Y con eso salté a la lluvia. Oí un solo tiro y sentí un escozor en la es­palda, pero para entonces ya corría cuesta abajo con todo el ímpetu de una gran piedra que cae, y nada po­día detenerme. Minakawa logró por fin darme alcance. Por su extraña mirada, deduje que me debió de no­tar una expresión de loco.

—¿ Te sientes bien ? —me pre­guntó.

Con aquellas palabras volví en mí, y de repente sentí el dolor. Me levanté la camisa para que me pu­diera examinar la espalda.

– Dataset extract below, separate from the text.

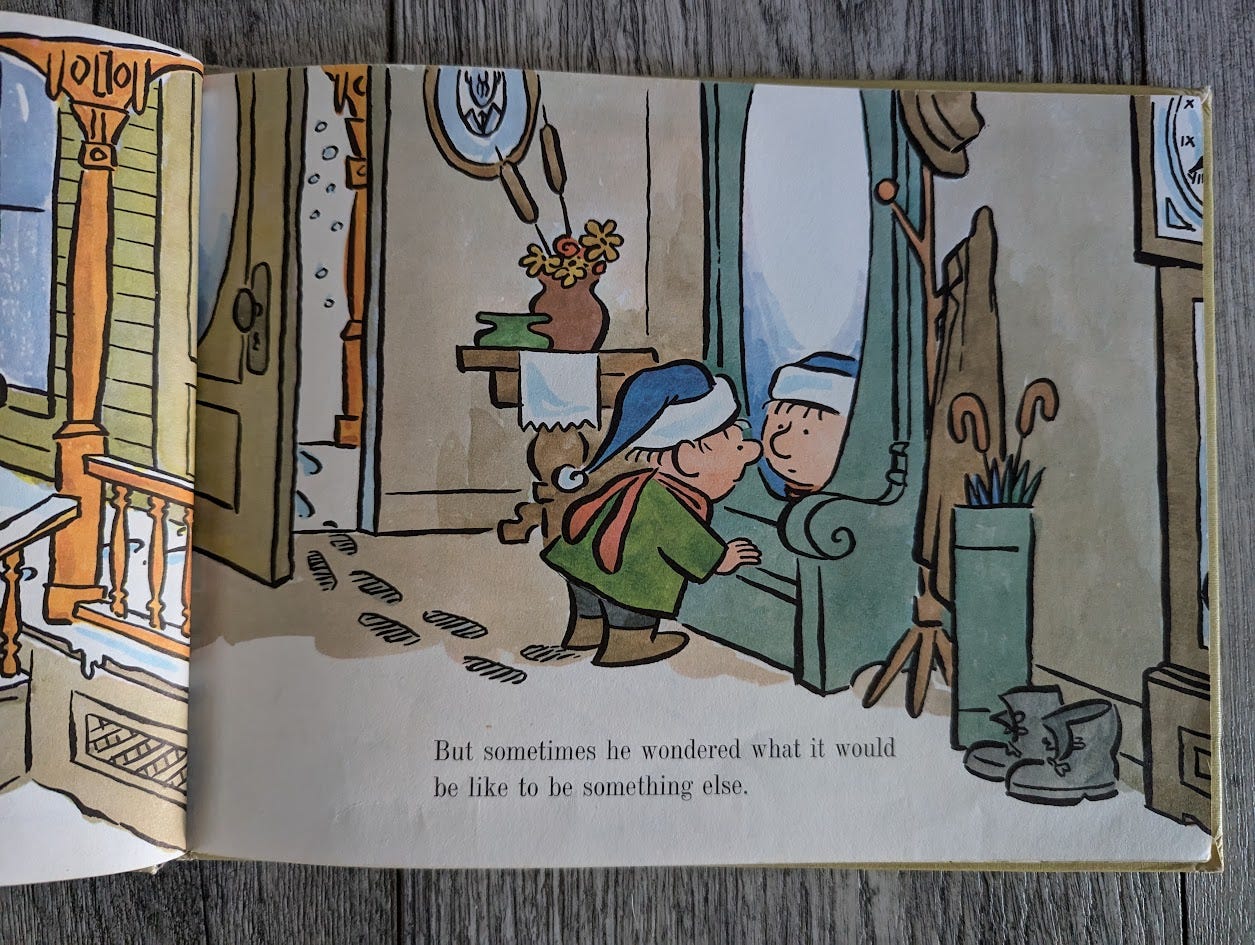 One of my favorite books growing up was Dooly and the Snortsnoot by Jack Kent, which is about a giant who is not giant-sized. As an adult, I went on a bit of a Jack Kent collecting spree, and one of the ones I got is the 1968 book Just Only John. In it, a little boy named John “had been a little boy named John for over four years and he was getting tired of it.”

—Tienes suerte —me dijo—: no es más que un rozón.

Era un consuelo tener a Mina­kawa a mi lado. Me vendó la herida con una tira de tela. Yo sabía exac­tamente lo que pensaba : que si yo hubiera muerto, él habría perdido la voluntad de seguir adelante. Tam­bién yo pensaba eso. El incidente nos había conmovido profundamen­te a ambos.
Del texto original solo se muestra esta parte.